§ **Extracted material**
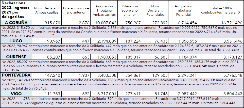 Na campaña do ano 2022, en Galicia 750.867 persoas marcaron a X Solidaria, 785 persoas máis que no ano anterior, recadándose un total de 21.391.293€.
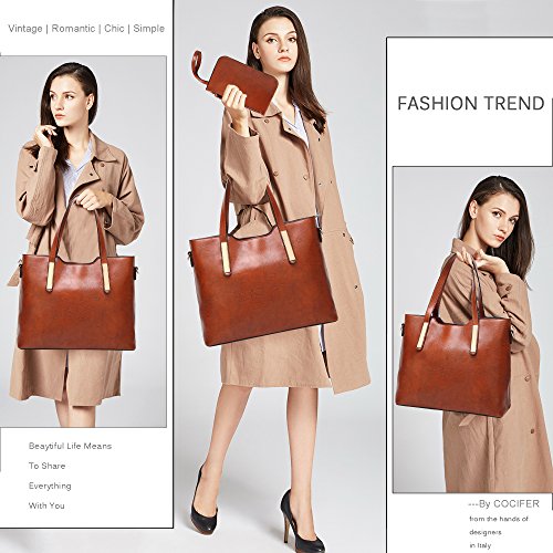 100% New Tote Purse of COCIFER Brand! Outer Material: High Quality Greased Leather This is faux leather, so it is normal of a little leather smell, putting it in well-ventilated areas or putting in some orange peel for few days , then the smell will disappear Inner Material: Polyester Closure: Zipper Main Purse Size: Approx 13.8*11'H*5.2'W / 35*13*28CM (Fit up to 13' laptops) Smaller Removeable Purse Size: Approx 7.5*4.7 inches (L*H) / 19*13CM Height of Handle: 8.7'/22CM(long enough to put on shoulder) Size may be 2 cm/1 Inch in accuracy due to hand measure Occasion: Versatile Size may be 2 cm/1 Inch in accuracy due to hand measure; ----------------------------About The Return Policy---------------------------- COCIFER offer convenient after-sales service: If customer receive broken, damaged or wrong item, customer only need to send a picture to us will be ok, and then we will refund or resend in 24 hours,and customer need not to return it to us. If customer dislike the item, we can offer return, or give several suggestions that we think is better or more convenience. if for other reasons, we encourage our customer contact us, we will response in one business day and do our best to service you. 0
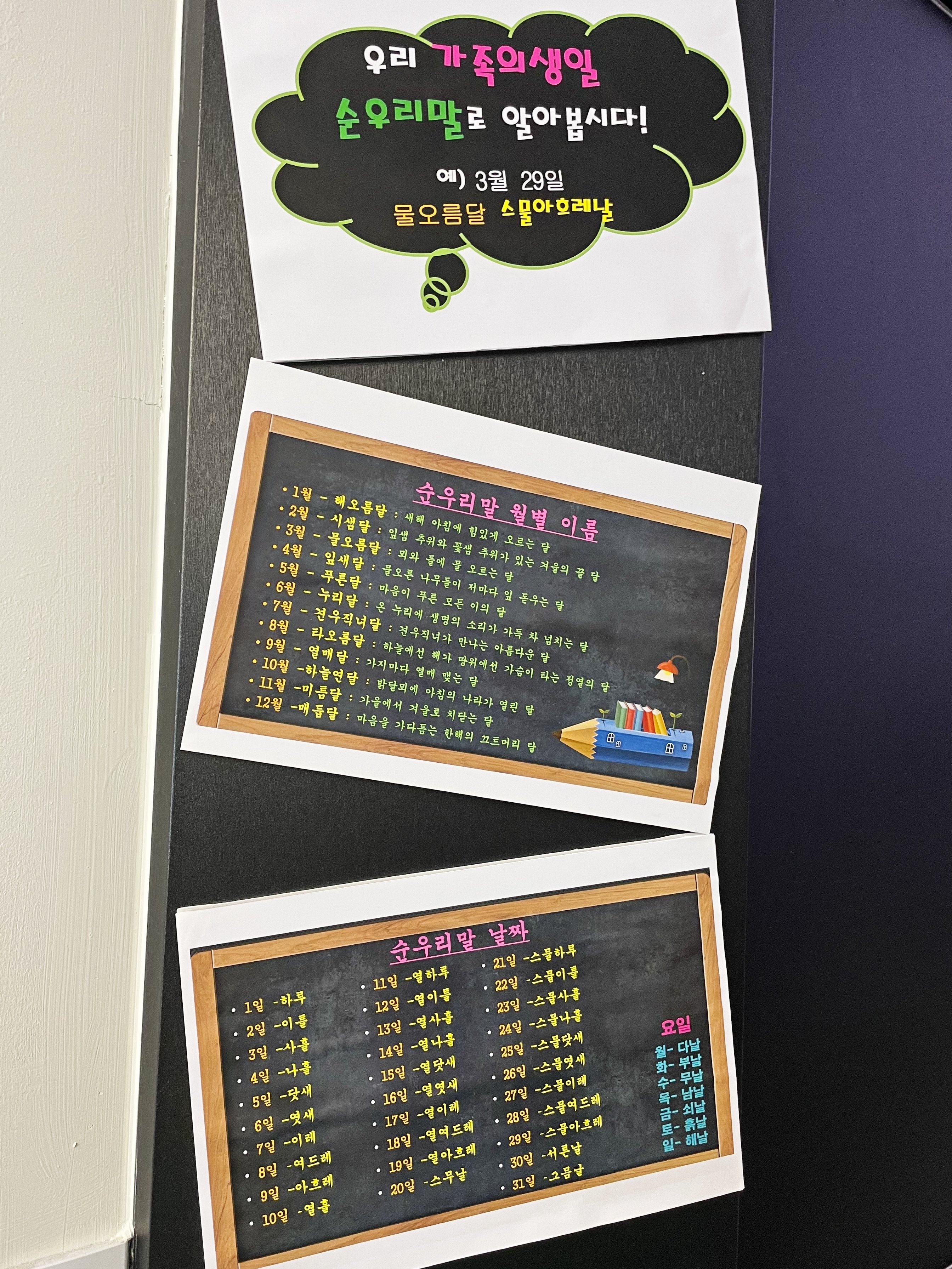 월별, 날짜, 요일까지 순우리말이 있다는 건 처음 알았습니다.
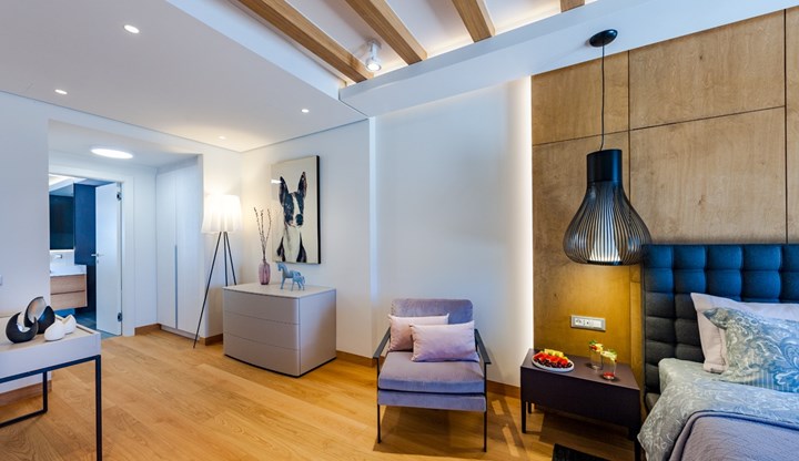 Коллекция TYPE от Unikolegno с отделками UV OIL TRAFALGAR и UV OIL предлагает уникальную яркость и защиту от износа. Натуральный свет через большие окна подчеркивает естественность и тепло дерева, делая интерьер более уютным.
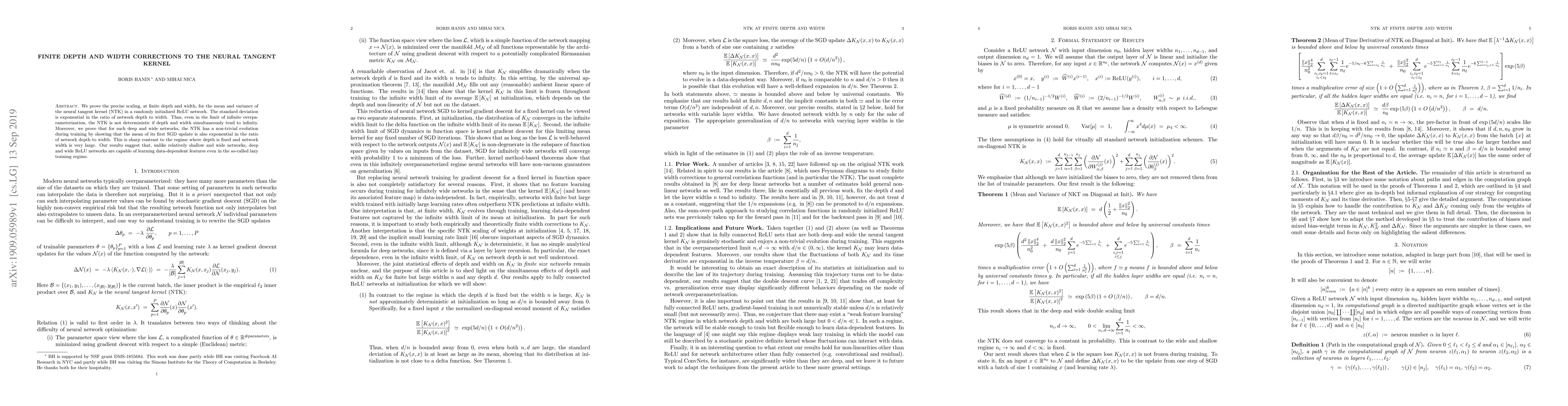 We prove the precise scaling, at finite depth and width, for the mean and variance of the neural tangent kernel (NTK) in a randomly initialized ReLU network. The standard deviation is exponential in the ratio of network depth to width. Thus, even in the limit of infinite overparameterization, the NTK is not deterministic if depth and width simultaneously tend to infinity. Moreover, we prove that for such deep and wide networks, the NTK has a non-trivial evolution during training by showing that the mean of its first SGD update is also exponential in the ratio of network depth to width. This is sharp contrast to the regime where depth is fixed and network width is very large. Our results suggest that, unlike relatively shallow and wide networks, deep and wide ReLU networks are capable of learning data-dependent features even in the so-called lazy training regime.

§ **Task instructions**
The reply should repeat the data in full, exactly as given, and contain no pictures.

§ **Response**
 Na campaña do ano 2022, en Galicia 750.867 persoas marcaron a X Solidaria, 785 persoas máis que no ano anterior, recadándose un total de 21.391.293€.
 100% New Tote Purse of COCIFER Brand! Outer Material: High Quality Greased Leather This is faux leather, so it is normal of a little leather smell, putting it in well-ventilated areas or putting in some orange peel for few days , then the smell will disappear Inner Material: Polyester Closure: Zipper Main Purse Size: Approx 13.8*11'H*5.2'W / 35*13*28CM (Fit up to 13' laptops) Smaller Removeable Purse Size: Approx 7.5*4.7 inches (L*H) / 19*13CM Height of Handle: 8.7'/22CM(long enough to put on shoulder) Size may be 2 cm/1 Inch in accuracy due to hand measure Occasion: Versatile Size may be 2 cm/1 Inch in accuracy due to hand measure; ----------------------------About The Return Policy---------------------------- COCIFER offer convenient after-sales service: If customer receive broken, damaged or wrong item, customer only need to send a picture to us will be ok, and then we will refund or resend in 24 hours,and customer need not to return it to us. If customer dislike the item, we can offer return, or give several suggestions that we think is better or more convenience. if for other reasons, we encourage our customer contact us, we will response in one business day and do our best to service you. 0
 월별, 날짜, 요일까지 순우리말이 있다는 건 처음 알았습니다.
 Коллекция TYPE от Unikolegno с отделками UV OIL TRAFALGAR и UV OIL предлагает уникальную яркость и защиту от износа. Натуральный свет через большие окна подчеркивает естественность и тепло дерева, делая интерьер более уютным.
 We prove the precise scaling, at finite depth and width, for the mean and variance of the neural tangent kernel (NTK) in a randomly initialized ReLU network. The standard deviation is exponential in the ratio of network depth to width. Thus, even in the limit of infinite overparameterization, the NTK is not deterministic if depth and width simultaneously tend to infinity. Moreover, we prove that for such deep and wide networks, the NTK has a non-trivial evolution during training by showing that the mean of its first SGD update is also exponential in the ratio of network depth to width. This is sharp contrast to the regime where depth is fixed and network width is very large. Our results suggest that, unlike relatively shallow and wide networks, deep and wide ReLU networks are capable of learning data-dependent features even in the so-called lazy training regime.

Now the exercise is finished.